Suzanne Nussey works as a freelance writer and editor in Ottawa. She has developed and facilitated writing workshops for women living in local shelters, and she teaches workshops and coaches individuals in memoir writing.

Marion Agnew—Third Prize

Hours of Daylight

… This is a story of nights that are broken in hard-to-understand ways.

More than seventy years later, in the family home in Oklahoma, I’m sound asleep when footsteps and the creak of hardwood floors pull me toward wakefulness. I recognize the special squeak of the door to the hallway bathroom, near my parents’ bedroom across the landing. Water murmurs.

But I’m far away and drifting farther, drowsing.

Then I hear Dad’s voice saying something like “What?” and suddenly I’m alert. I hold my watch in the orange shaft of light slanting in from the streetlight. It’s 2:15. I struggle to orient myself. Right. I’m at my parents’ home, visiting.

Mom must be up. Why is she in the hallway bathroom instead of the small bathroom off the master bedroom? Yes, the hallway bathroom has a tub, and she prefers baths to showers, but it’s the middle of the night. She can’t be taking a bath…can she?

Dad’s voice is loud but I can’t distinguish his words through my closed bedroom door. Should I get up? To do what, exactly? I shiver.

Marion Agnew writes fiction and nonfiction; her essays have appeared in Best Canadian Essays and been nominated for a Pushcart Prize. This essay is part of a collection that recently received support from the Ontario Arts Council. She lives and writes in Shuniah, Ontario, in an office overlooking Lake Superior.

Robin K. Macdonald—Honourable Mention

Roadkill Heart

I don’t wake-up beside Earl in the low light of dusk thinking, I’m about to make my first kill. I wake-up warm beneath the heavy, homemade goose feather blanket and the heat of another body flanking mine. On this Saturday morning in February, six-months into our relationship, I’m wakened by the pressure of a full bladder, in a cabin with no plumbing or honey bucket. Beyond the den of our bed, the inside air is nearly as cold as outside. It feels like refrigerated sheet metal against the few inches of skin I expose in order to breathe. When I can no longer lie still, climbing out from under the blanket is like jumping into a northern lake. The trick is not to think.

While I quick-step across the frozen plywood to light a fire in the stove, a slight movement through an ice-cornered window catches my eye. Fifty metres away, beneath a willow shrub along the banks of the river, it’s as subtle as the mist of breath against a slate sky. Then the flock comes into view against branches and snow. Winter ptarmigans in near perfect camouflage.

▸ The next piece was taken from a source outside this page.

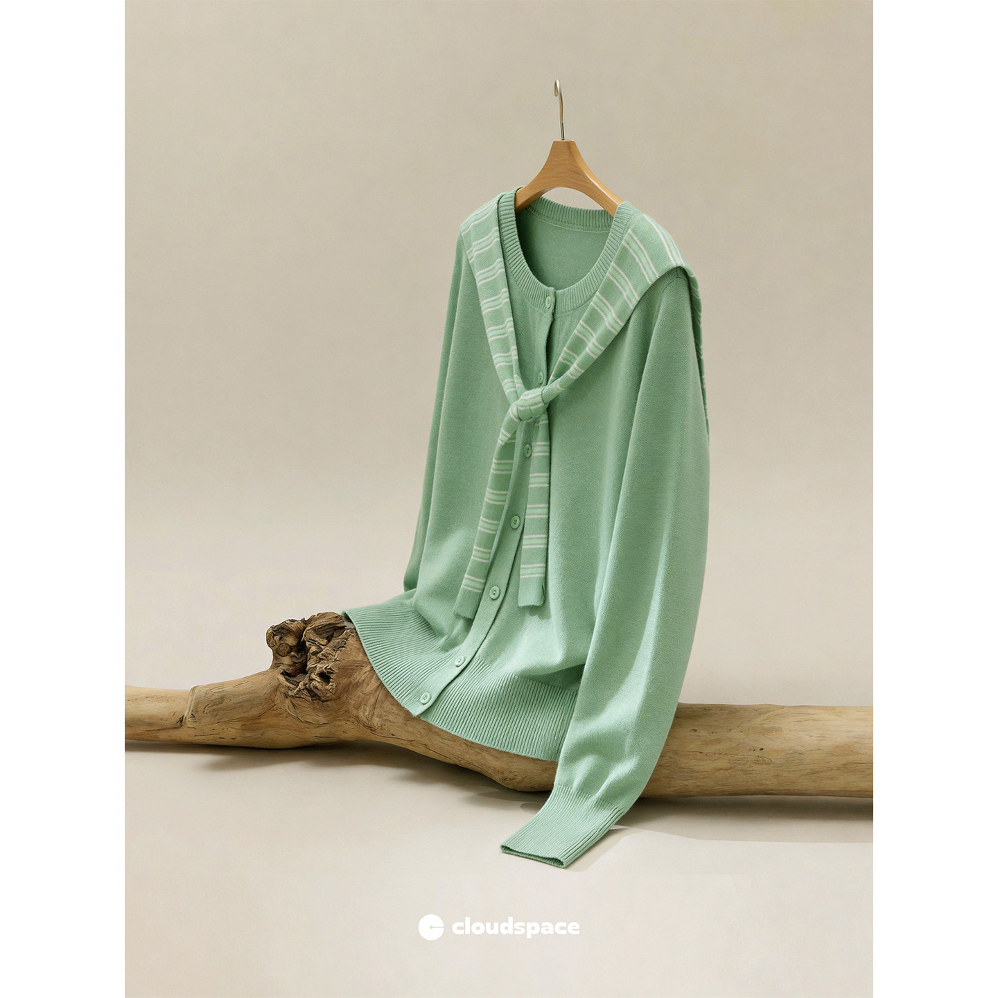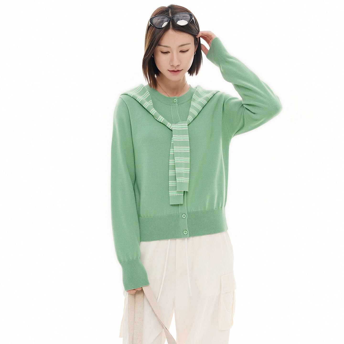 云上生活【柳绿】可机洗羊毛混纺叠穿开衫外套2026春修身羊毛衫女

Robin K. Macdonald‘s writing has appeared in literary journals across the country and long-listed for a CBC literary award.  Roadkill Heart is an excerpt from her memoir in progress, “Unsettled.”   Her work, both on and off the page, is focused on accessing/remembering knowledge and creating a way of life that honours the Earth and the feminine as sacred.  Robin lives in the Gatineau Hills of western Quebec, and is Indigenous to Ireland and Scotland.